Oh puh-leeeze! Stop me before I shoot someone, videotape the murder, upload it to YouTube, win a "Most BadAss Video" contest sponsored by Axe Deodorant and get to open for 50 Cent on his next tour.
The difference with content today IS NOT the people creating it; the difference is the wealth and breadth of the platforms they now have available to distribute it.
Let's think about this for a second. We'll use The Beatles as an example.
Before they were the world's best-selling and most influential pop artists, they were four lads from Liverpool, playing on the back of flatbed trucks, at outdoor block parties, at the local coffee house...anywhere they could to be seen and get their songs heard. The Cavern Club was their YouTube; the local church basement talent show their American Idol. Buzz builds, they're seen by Brian Epstein, he signs them to a management contract and the rest is history. Suddenly, swarms of other "users" pop up all over the world, trying to follow in their footsteps.

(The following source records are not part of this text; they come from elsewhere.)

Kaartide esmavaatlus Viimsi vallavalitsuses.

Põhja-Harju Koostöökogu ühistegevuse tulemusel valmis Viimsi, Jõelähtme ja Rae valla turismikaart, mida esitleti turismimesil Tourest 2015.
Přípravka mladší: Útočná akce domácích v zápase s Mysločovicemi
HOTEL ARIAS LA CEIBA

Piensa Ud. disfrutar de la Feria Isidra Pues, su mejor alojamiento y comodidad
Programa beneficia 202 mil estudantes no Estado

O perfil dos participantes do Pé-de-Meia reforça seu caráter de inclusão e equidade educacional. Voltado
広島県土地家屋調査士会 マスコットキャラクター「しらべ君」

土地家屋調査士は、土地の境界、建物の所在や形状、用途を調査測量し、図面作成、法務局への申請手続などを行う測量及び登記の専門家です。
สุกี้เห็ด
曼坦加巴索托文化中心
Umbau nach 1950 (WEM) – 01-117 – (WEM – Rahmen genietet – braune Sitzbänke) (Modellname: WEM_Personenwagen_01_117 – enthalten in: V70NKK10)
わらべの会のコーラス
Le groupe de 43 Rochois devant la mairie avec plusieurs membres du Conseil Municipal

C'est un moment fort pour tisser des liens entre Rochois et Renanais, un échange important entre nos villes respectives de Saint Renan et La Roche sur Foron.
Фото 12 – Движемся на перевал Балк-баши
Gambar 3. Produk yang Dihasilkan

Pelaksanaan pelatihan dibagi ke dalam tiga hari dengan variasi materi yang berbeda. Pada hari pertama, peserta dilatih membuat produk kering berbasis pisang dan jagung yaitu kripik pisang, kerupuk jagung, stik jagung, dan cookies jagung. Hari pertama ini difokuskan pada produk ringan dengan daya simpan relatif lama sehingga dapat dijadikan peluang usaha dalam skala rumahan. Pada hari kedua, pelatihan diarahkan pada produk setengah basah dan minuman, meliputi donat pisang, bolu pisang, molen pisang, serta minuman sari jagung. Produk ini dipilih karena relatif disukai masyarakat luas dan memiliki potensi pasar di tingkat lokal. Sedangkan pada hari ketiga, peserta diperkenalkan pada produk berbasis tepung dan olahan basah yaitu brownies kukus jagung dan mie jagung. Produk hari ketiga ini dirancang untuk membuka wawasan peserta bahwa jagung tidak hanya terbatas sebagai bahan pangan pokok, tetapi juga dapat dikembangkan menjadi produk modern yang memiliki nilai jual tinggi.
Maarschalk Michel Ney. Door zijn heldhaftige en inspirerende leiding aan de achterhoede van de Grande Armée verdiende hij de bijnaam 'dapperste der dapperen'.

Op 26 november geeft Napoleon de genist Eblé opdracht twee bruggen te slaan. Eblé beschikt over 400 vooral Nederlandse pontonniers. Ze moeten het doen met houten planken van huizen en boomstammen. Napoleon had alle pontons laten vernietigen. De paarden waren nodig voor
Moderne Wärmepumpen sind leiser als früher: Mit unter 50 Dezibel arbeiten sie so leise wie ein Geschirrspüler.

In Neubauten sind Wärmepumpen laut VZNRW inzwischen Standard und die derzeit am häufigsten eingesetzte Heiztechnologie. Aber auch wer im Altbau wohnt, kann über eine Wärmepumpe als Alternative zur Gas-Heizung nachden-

It's the way of showbiz.
The same story goes for virtually any artist of any type:
Before they were them,
they were one of us.
- Andy Warhol was a graphic designer from Pittsburgh (glamorous, huh?).
- Stephen King was a high school English teacher living in a trailer in Maine, writing short stories for pulp-fiction men's mags to make ends meet.

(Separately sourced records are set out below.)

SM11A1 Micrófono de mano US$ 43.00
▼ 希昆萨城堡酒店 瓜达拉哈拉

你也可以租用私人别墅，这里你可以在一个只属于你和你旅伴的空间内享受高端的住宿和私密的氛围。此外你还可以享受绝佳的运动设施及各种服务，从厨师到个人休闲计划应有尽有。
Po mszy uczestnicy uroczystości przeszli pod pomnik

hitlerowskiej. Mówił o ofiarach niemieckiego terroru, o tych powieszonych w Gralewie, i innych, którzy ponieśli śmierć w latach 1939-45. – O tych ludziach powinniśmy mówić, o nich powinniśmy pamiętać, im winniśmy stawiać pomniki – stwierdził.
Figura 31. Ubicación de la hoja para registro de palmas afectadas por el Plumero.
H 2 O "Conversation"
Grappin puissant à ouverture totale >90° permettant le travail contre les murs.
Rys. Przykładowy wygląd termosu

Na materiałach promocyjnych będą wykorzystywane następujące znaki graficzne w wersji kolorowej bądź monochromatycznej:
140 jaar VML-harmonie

- Steve Jobs and Steve Wozniak were two geeky kids tinkering around in a garage.
- Guy Laliberte, the genius behind Cirque du Soleil, was a street performer, walking on stilts, eating fire and playing the accordion(!!!).
- Every superstar athlete was the adorable five-year-old tyke in the uniform two sizes too big.
I could go on forever.
There's a chasm we all cross on our way from "amateur" to "professional." Granted, these days the lines have blurred somewhat (this blog being a prime example), but while the ways and means we use to MAKE that transition have become more technically advanced and readily available, the fact remains that those who actually "use" them have remained the same. They are you, and me, and that kid down the street who will one day sell out arenas across the country.

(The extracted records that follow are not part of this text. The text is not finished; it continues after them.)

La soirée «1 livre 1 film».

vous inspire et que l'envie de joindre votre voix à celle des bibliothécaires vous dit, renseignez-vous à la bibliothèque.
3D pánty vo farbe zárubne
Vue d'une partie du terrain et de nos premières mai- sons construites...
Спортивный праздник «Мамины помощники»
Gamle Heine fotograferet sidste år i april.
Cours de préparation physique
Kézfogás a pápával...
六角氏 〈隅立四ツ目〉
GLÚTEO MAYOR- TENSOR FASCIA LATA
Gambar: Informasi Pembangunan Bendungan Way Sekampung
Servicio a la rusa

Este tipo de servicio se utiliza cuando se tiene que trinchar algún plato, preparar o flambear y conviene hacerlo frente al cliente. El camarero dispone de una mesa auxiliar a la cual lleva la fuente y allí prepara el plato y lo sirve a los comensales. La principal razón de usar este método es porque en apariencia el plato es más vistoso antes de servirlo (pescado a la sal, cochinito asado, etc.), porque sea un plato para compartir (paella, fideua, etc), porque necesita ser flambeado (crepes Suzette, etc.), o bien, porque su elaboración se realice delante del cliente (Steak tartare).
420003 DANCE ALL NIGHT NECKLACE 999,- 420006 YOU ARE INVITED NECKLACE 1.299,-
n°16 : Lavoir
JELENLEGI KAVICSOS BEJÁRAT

So to my bubbly client, let me say that in the history of content creation, it has ALWAYS been generated by users. The Surprise factor in all this is when one of us actually crosses the chasm. Society's superstars are just users on steroids (amongst other substances...).
What'll be REALLY different, and downright scary, is when content is generated by something OTHER than users (like machines, rendering us irrelevant). Thankfully, even the most advanced high-tech art (see the brilliant work of Joshua Davis, for example), needs one of us.
For now...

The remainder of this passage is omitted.